WHAT NEEDS TO BE DONE: For the lines from the one with "今日の児童集会は、21日土曜" to the end of the listing below, both ends included, give an exact copy and nothing more. Do not copy pictures.

SUPPLIED MATERIAL:
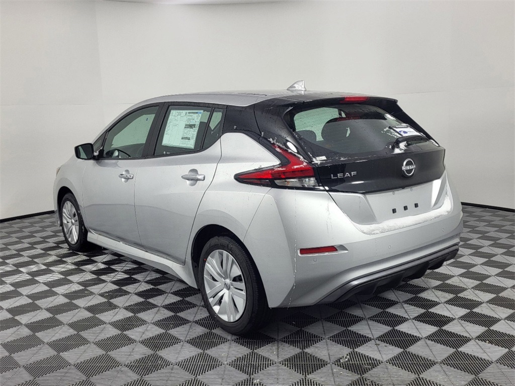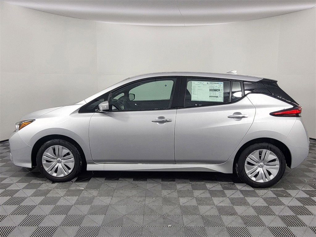 Brilliant Silver Metallic 2025 Nissan Leaf S with single-speed reducer electric motor. Features include auto high-beam headlights, automatic temperature control, and rear parking sensors.
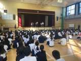 今日の児童集会は、21日土曜日に中国語弁論大会で発表した児童が全校児童に向けて発...
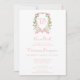 Este adorável.. é um convite para o bebê... seria perfeito para o seu bebê. Tem uma crista de aquarela cor-de-rosa-pêssego, rodeada de verde e rosas brancas, coladas com pêssego, a primeira inicial e o nome da joia, e uma cor d'água de pêssego coordenada, listrada para trás. É único e precioso.
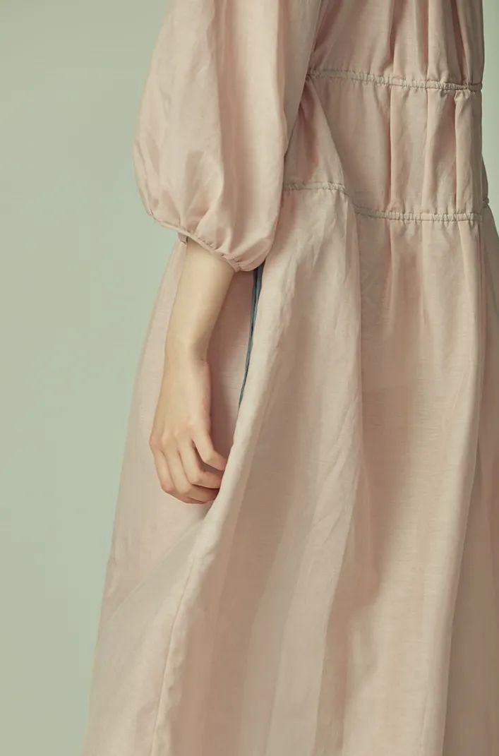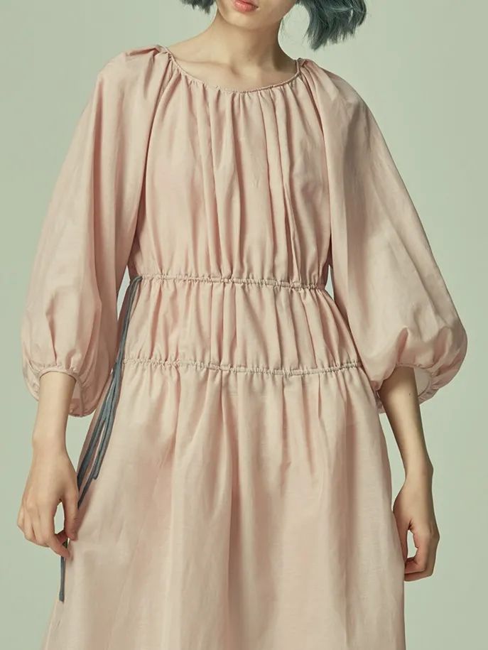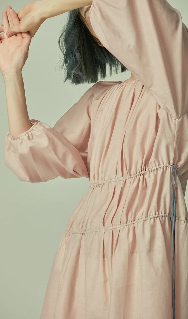 橡筋抽褶领口,根据心情进行改变。娇俏可爱的圆领,性感妩媚的一字领,今天的你会爱上什么样的自己呢?选择这件复古宫廷风连衣裙的你,似乎在说——

RESPONSE BELOW:
 今日の児童集会は、21日土曜日に中国語弁論大会で発表した児童が全校児童に向けて発...
 Este adorável.. é um convite para o bebê... seria perfeito para o seu bebê. Tem uma crista de aquarela cor-de-rosa-pêssego, rodeada de verde e rosas brancas, coladas com pêssego, a primeira inicial e o nome da joia, e uma cor d'água de pêssego coordenada, listrada para trás. É único e precioso.
 橡筋抽褶领口,根据心情进行改变。娇俏可爱的圆领,性感妩媚的一字领,今天的你会爱上什么样的自己呢?选择这件复古宫廷风连衣裙的你,似乎在说——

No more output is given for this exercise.